In a major surprise on Sunday, Virginia-based Dominion Energy and North Carolina-based Duke Energy, faced with a setback in federal court and falling natural gas prices, cancelled their 600-mile, $8 billion Atlantic Coast natural gas pipeline project. Shortly after that announcement, Richmond-based Dominion announced it was getting out of the competitive gas business, agreeing to sell its gas pipeline and storage interests to Warren Buffett’s Berkshire Hathaway for $4 billion in cash and the Omaha-based company’s assumption of $5.7 billion in debt.
The announcement to kill the project to move gas from fracking sites in West Virginia to eastern North Carolina, including passing under the Appalachian Trail, came after a Montana federal court in late May ruled that the Army Corps of Engineers’ Nationwide 12 blanket permit to cross stream and rivers was invalid. The case involved the Keystone XL oil pipeline from Canada. That would have driven up regulatory and litigation costs at a time of very soft gas prices, Dominion and Duke concluded.
The two utilities in June won a major decision at the U.S. Supreme Court, which ruled that the project could cross the Appalachian Trail on federal Forest Service land. That appeared to clear the way for the project, until the Montana federal court overturned the blanket water permit program.
In a conference call this morning, Dominion CEO Tom Farrell said “increasing legal uncertainty” now overhangs the project, despite the 7-2 Supreme Court victory. Permitting gas transportation and storage has become “increasingly litigious, uncertain, and costly.”
In the call, Farrell said they began considering getting out of the competitive gas business entirely “in the second half of last year. Early this year, Berkshire indicated their interest.” The two companies then negotiated the details, which came together just as the Dominion and Duke decided to kill the Atlantic Coast project.

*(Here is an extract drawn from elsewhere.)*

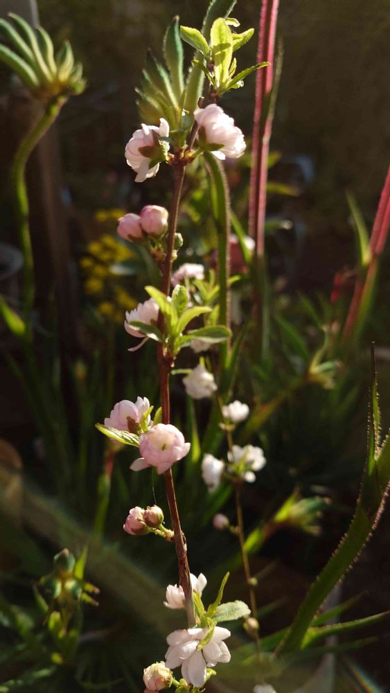 小枝にびっしりとお花が付いて〜🌸🌸🌸🌸🌸🌸フワフワ可愛いピンクデスね〜実物見れて良かったです〜来年も花数増えますように〜こちらもう、暖かいので、満開デス〜ありがとう〜🌸🌸🌸🌸🌸🌸🌸
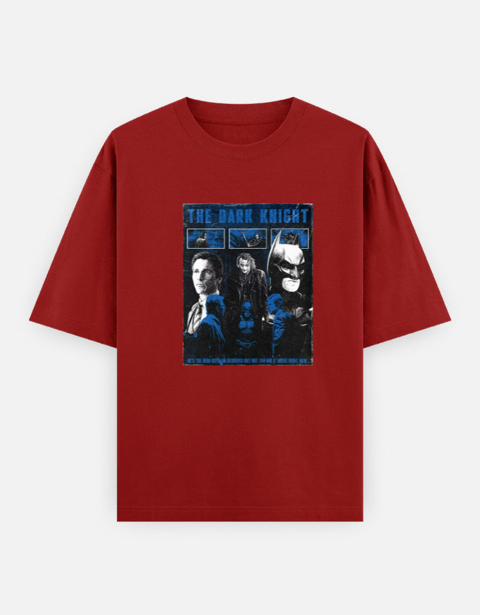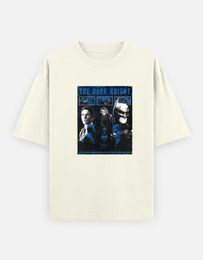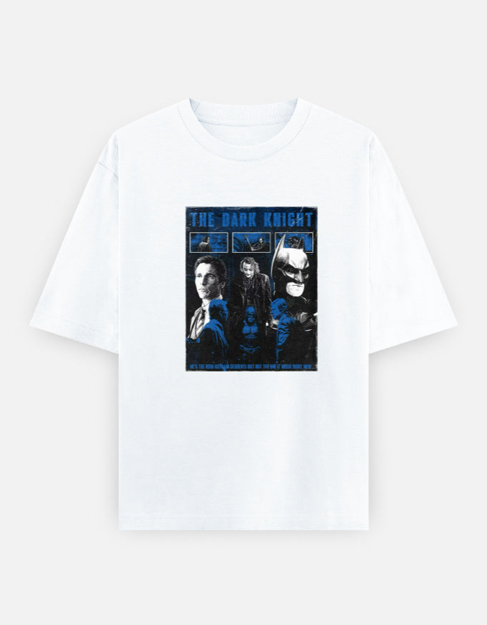 This is the perfect tee for any fan of the iconic superhero saga. This oversized graphic t-shirt features a striking comic-book-style design, showcasing the key characters of the legendary trilogy in a bold, dynamic blue hue. The three-panel graphic highlights the hero, Batman, the ultimate villain, The Joker, and the city's White Knight, Harvey Dent.

The exit from gas transportation and storage, keeping local gas distribution companies, Dominion said in in a press release is a strategic retreat into a largely state-regulated business environment. Farrell said, “Over the past several years the company has taken a series of steps – including mergers with Questar Corporation and SCANA Corporation, and the divestiture of Blue Racer Midstream and merchant generation assets – to increase materially the state-regulated nature of our profile, enhance the customer experience, strengthen our balance sheet, and improve transparency and predictability.”
Dominion will retain a 50% interest in the existing Cove Point gas liquefaction plant, free of debt.
Dominion said it will use $3 billion of the $4 billion in Buffett’s cash to buy back the company’s stock. The company’s shares have trended around $80/share during all of 2020. Farrell said the new company focus will “allow us to increase our long-term earnings growth rate guidance by around 30 percent.” The company expects to see its earnings for 2020 to be in the range of $3.50/share, compared to earlier projections of $4.50. The utility said it will cut its fourth-quarter dividend to 63 cents, down from 94 cents it paid earlier this year.
From Berkshire Hathaway’s perspective, the move represents an easy way to increase its growing presence in natural gas markets. The Omaha conglomerate will transport 18% of all interstate gas in the U.S., up from a current 8%. The deal represents Berkshire’s first major acquisition since the coronavirus pandemic. The company is sitting on a $137 billion pile of cash.